> **TASK DIRECTIONS**: Transcribe all the entries word for word, omitting any pictures they contain.

> **Dataset items**:
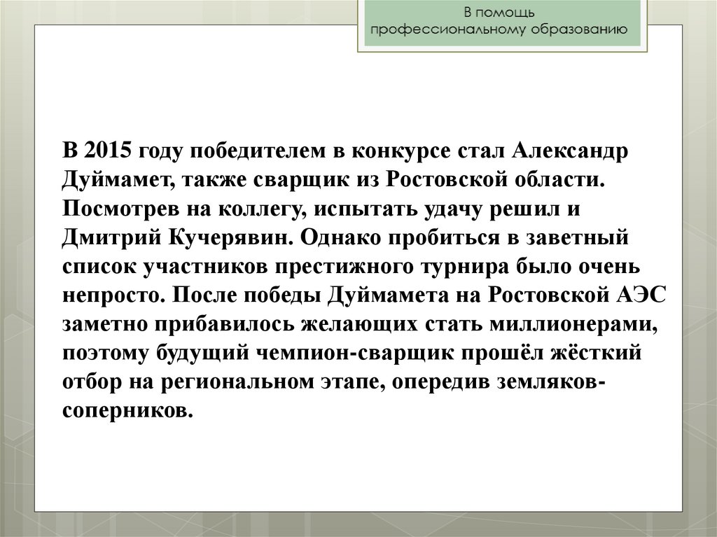 В 2015 году победителем в конкурсе стал АлександрДуймамет, также сварщик из Ростовской области.
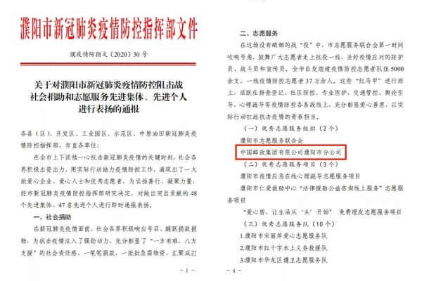 近日,濮阳市新冠肺炎疫情防控指挥部对该市疫情防控阻击战社会捐助和志愿服务先进集体、先进个人进行了通报表扬,其中濮阳市邮政分公司被授予“优秀志愿服务组织”称号。
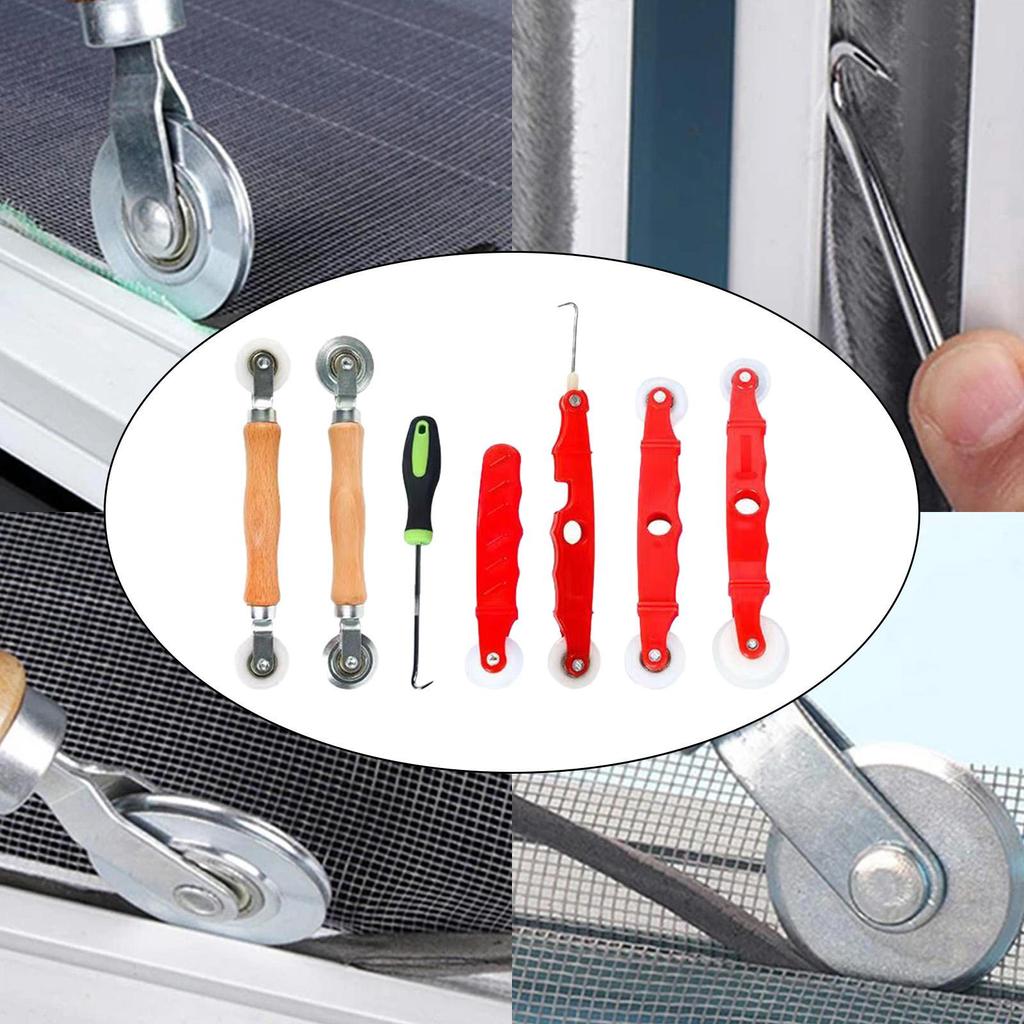 - 【Produktname】 7-in-1-Werkzeugsatz für Fenstergitter-Spline-Rollen, 7-teiliges Reparaturset für Fliegengittertüren
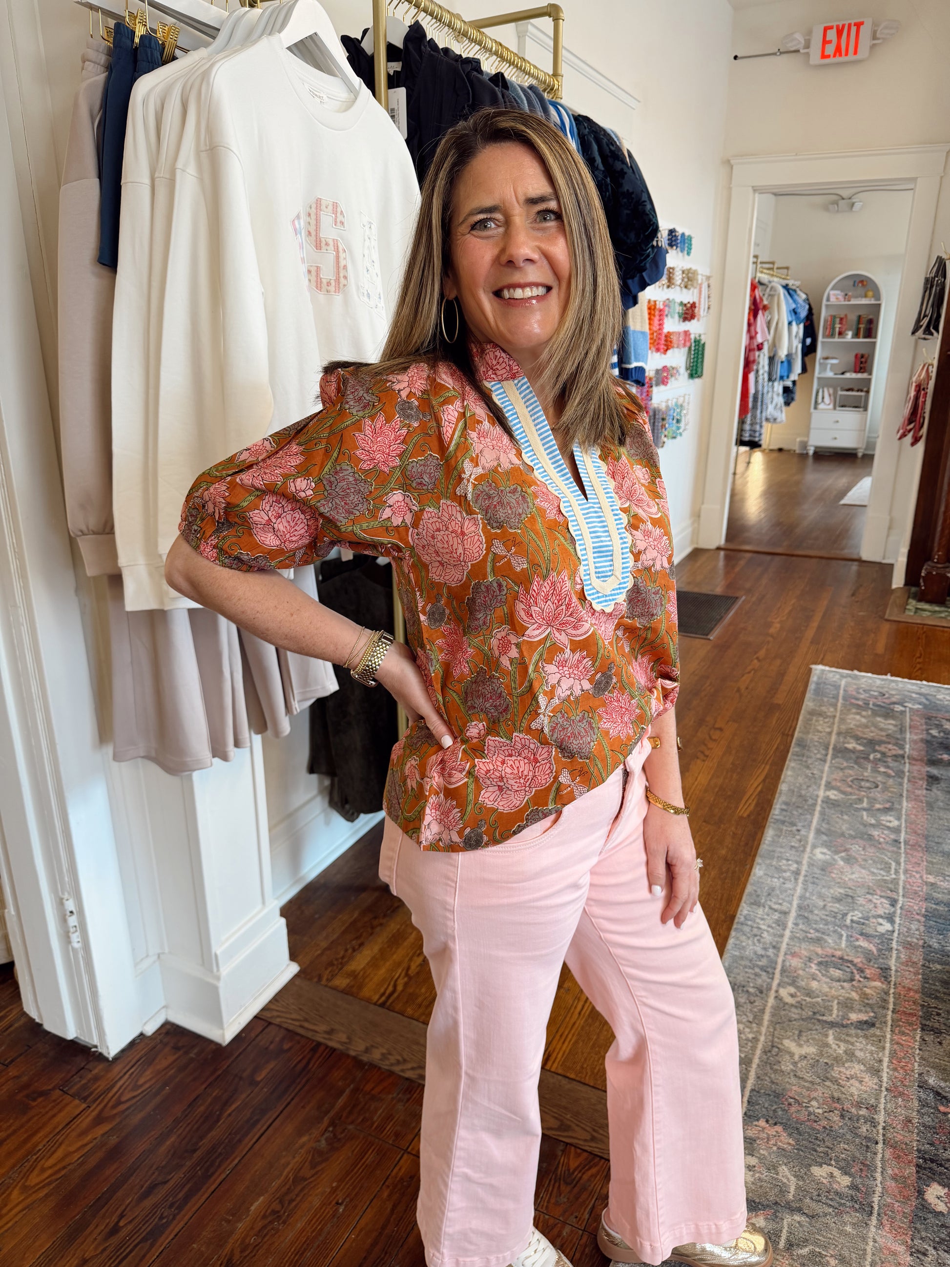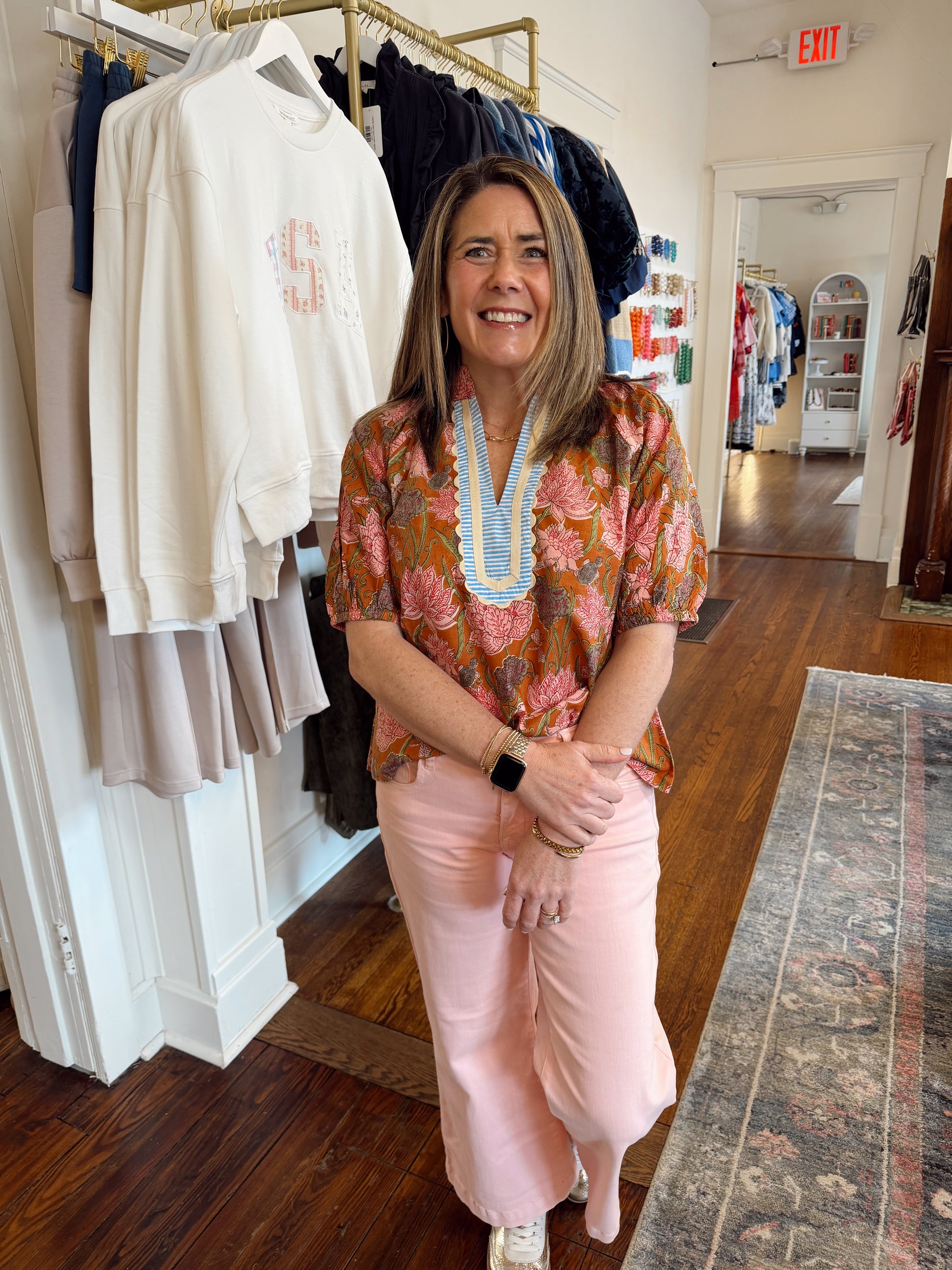The Maren Floral Top is your go-to piece for effortless style with personality. Bursting with warm reds and pinks in an eye-catching floral pattern, this top commands attention while the delicate blue and white scalloped v-neckline adds refined detail. It's the perfect balance of playful and polished—ideal for anyone who refuses to blend in. Pair it with neutrals to let the print shine, or mix and match with your favorite separates for a look that's uniquely you. Jaime is 5'3" in an XS.
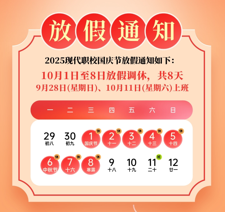 汽車網校中秋國慶2025年放假時間(具體調休)
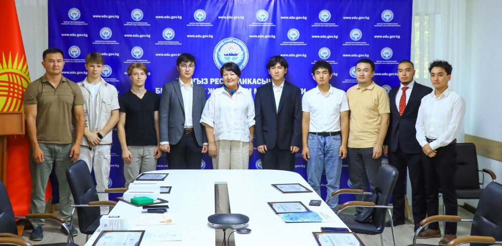 Кыргызстанские школьники успешно выступили на 54-й Международной олимпиаде по физике и IBO 2024, завоевав бронзовые медали и почетные грамоты. Министр образования поздравила победителей и их тренеров. • Кыргызстанские школьники продемонстрировали выдающиеся результаты на 54-й Международной олимпиаде по физике и международной олимпиаде по биологии IBO 2024. • Министр образования Кыргызстана Догдуркул Кендирбаева поздравила победителей и вручила им планшеты, смарт-часы и благодарственные письма от министерства. • На олимпиаде по физике бронзовую медаль завоевал Бектур Баратали, учащийся 11-го класса Бишкекского лицея им. Ч. Айтматова, а почетную грамоту получил 10-классник Аскар Абдиев из Национальной школы-лицея инновационных технологий им. А. Молдокулова. • В олимпиаде по химии бронзовую медаль завоевал Иван Решетников из международной школы UWIS, а почетную грамоту получил Эржан Жапаров, учащийся 11-го класса Ысык-Кульского лицея им. Х. Карасаева. • На международной олимпиаде по биоло

> **RESPONSE AREA**:
 В 2015 году победителем в конкурсе стал АлександрДуймамет, также сварщик из Ростовской области.
 近日,濮阳市新冠肺炎疫情防控指挥部对该市疫情防控阻击战社会捐助和志愿服务先进集体、先进个人进行了通报表扬,其中濮阳市邮政分公司被授予“优秀志愿服务组织”称号。
 - 【Produktname】 7-in-1-Werkzeugsatz für Fenstergitter-Spline-Rollen, 7-teiliges Reparaturset für Fliegengittertüren
The Maren Floral Top is your go-to piece for effortless style with personality. Bursting with warm reds and pinks in an eye-catching floral pattern, this top commands attention while the delicate blue and white scalloped v-neckline adds refined detail. It's the perfect balance of playful and polished—ideal for anyone who refuses to blend in. Pair it with neutrals to let the print shine, or mix and match with your favorite separates for a look that's uniquely you. Jaime is 5'3" in an XS.
 汽車網校中秋國慶2025年放假時間(具體調休)
 Кыргызстанские школьники успешно выступили на 54-й Международной олимпиаде по физике и IBO 2024, завоевав бронзовые медали и почетные грамоты. Министр образования поздравила победителей и их тренеров. • Кыргызстанские школьники продемонстрировали выдающиеся результаты на 54-й Международной олимпиаде по физике и международной олимпиаде по биологии IBO 2024. • Министр образования Кыргызстана Догдуркул Кендирбаева поздравила победителей и вручила им планшеты, смарт-часы и благодарственные письма от министерства. • На олимпиаде по физике бронзовую медаль завоевал Бектур Баратали, учащийся 11-го класса Бишкекского лицея им. Ч. Айтматова, а почетную грамоту получил 10-классник Аскар Абдиев из Национальной школы-лицея инновационных технологий им. А. Молдокулова. • В олимпиаде по химии бронзовую медаль завоевал Иван Решетников из международной школы UWIS, а почетную грамоту получил Эржан Жапаров, учащийся 11-го класса Ысык-Кульского лицея им. Х. Карасаева. • На международной олимпиаде по биоло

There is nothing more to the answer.